Endspurt im Sommerschlussverkauf

Bis Montag können die Klubs noch Spieler verpflichten oder ausleihen. SPORT1 erklärt, was sie zum Transfer-Endspurt wissen müssen.
Dortmunds Jonas Hofmann (l.) und Tottenhams Lewis Holtby werden vor Schließung des Transferfensters wohl noch den Klub wechseln
Dortmunds Jonas Hofmann (l.) und Tottenhams Lewis Holtby werden vor Schließung des Transferfensters wohl noch den Klub wechseln
© Getty Images
Bis Montag können die Klubs noch Spieler verpflichten oder ausleihen. SPORT1 erklärt, was sie zum Transfer-Endspurt wissen müssen.

Die Uhr tickt. Den Vereinen bleiben nur noch wenige Stunden, um noch einmal auf dem Transfermarkt zuzuschlagen.

Schon am Sonntag sind viele Klubs tätig geworden. So bestätigte etwa Borussia Dortmund die Rückkehr von Shinji Kagawa (News).

Im Endspurt mehren sich die Gerüchte um mögliche Verpflichtungen ? es dürfte sich bis Montagabend also noch einiges tun. (SPORT1 berichtet am Montag in einem Transfer-Ticker).

SPORT1 erklärt, was Sie bis zur Schließung des Transferfensters wissen müssen.

In der Bundesliga, Primera Division, Premier League, Serie A und Ligue 1 schließt das Transferfenster am 1. September. Eigentlich ist der 31. August der Stichtag im Sommer. Da dieser jedoch auf einen Sonntag fällt und somit kein offizieller Banktag ist, verlängert sich diese Frist um einen Tag.

Für Deutschland bedeutet das: Bis 12 Uhr muss ein Spieler auf der offiziellen Transferliste der Deutschen Fußball-Liga (DFL) eingetragen sein, bis 18 Uhr müssen die unterschriebenen Verträge bei der DFL eingereicht werden.

Der schwach gestartete Hamburger SV will noch nachbessern. Die Leihe von US-WM-Teilnehmer Julian Green von Bayern München ist so gut wie sicher.

Außerdem soll Lewis Holtby von Tottenham Hotspur den Verein verstärken. Der frühere Schalker kommt am Montag in die Hansestadt.

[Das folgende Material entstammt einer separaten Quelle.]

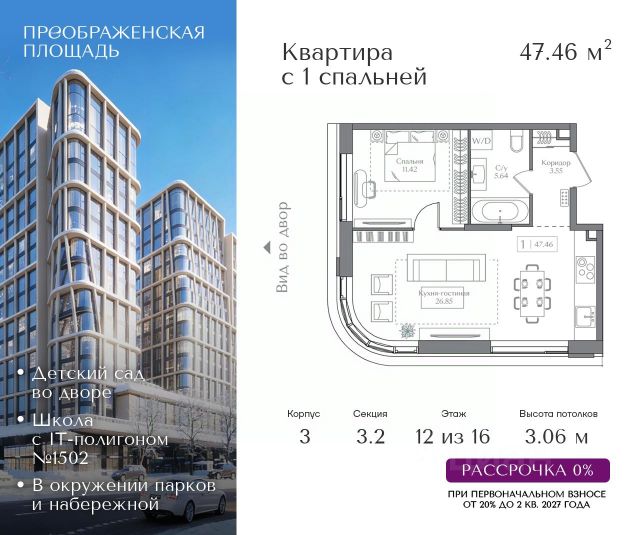 Квартира на 8 этаже в жилом комплексе премиум-класса "Преображенская площадь". Общая площадь: 37.8 кв.м. Проект премиум-класса в историческом районе Москвы. До метро "Преображенская площадь" 3 минуты пешком. Квартиры сдаются без отделки и в свободной планировке, чтобы жители могли оформить пространство с учетом своей индивидуальности. Высота потолков от 3,15м, широкоформатное остекление, 3-5 квартир на этаже. Система Умный дом. Дизайнерские лобби. Внутренний двор 1,5 га функциональное и безопасное пространство для игр, работы и занятий спортом. Пешеходный променад для прогулок. Дома переменной этажности. Есть подземный паркинг. Жилой комлекс находится в окружении парков Сокольники, Черкизовский, Измайловский, заповедника Лосиный остров и ВДНХ, а также вблизи пешеходной набережной. Комфортная удаленность от центра: 7 минут на автомобиле до ТТК, 8 минут до Садового кольца, 25 минут до Кремля. Купить 1-комнатную квартиру с отделкой от застройщика в районе Преображенское в Москве.

"Lewis Holtby wird morgen hier in Hamburg sein und den Medizincheck machen", sagte der HSV-Vorstandsvorsitzende Dietmar Beiersdorfer am Sonntagabend im "NDR Sportclub".

Im Gegenzug schaffen die Norddeutschen Platz im Kader. Denn Milan Badelj steht vor einem Wechsel zum AC Florenz. Die Hamburger vermeldeten bereits, dass der Mittelfeldspieler seinen Medizincheck bei den Italiener absolviert.

Auch der FSV Mainz hat angekündigt, noch einmal nachbessern zu wollen - unter anderem in Person von Jonas Hofmann. Borussia Dortmund hat am Sonntag bereits bestätigt, dass sich der 22 Jahre alte Offensivspieler bereits zu Verhandlungen in Mainz befindet.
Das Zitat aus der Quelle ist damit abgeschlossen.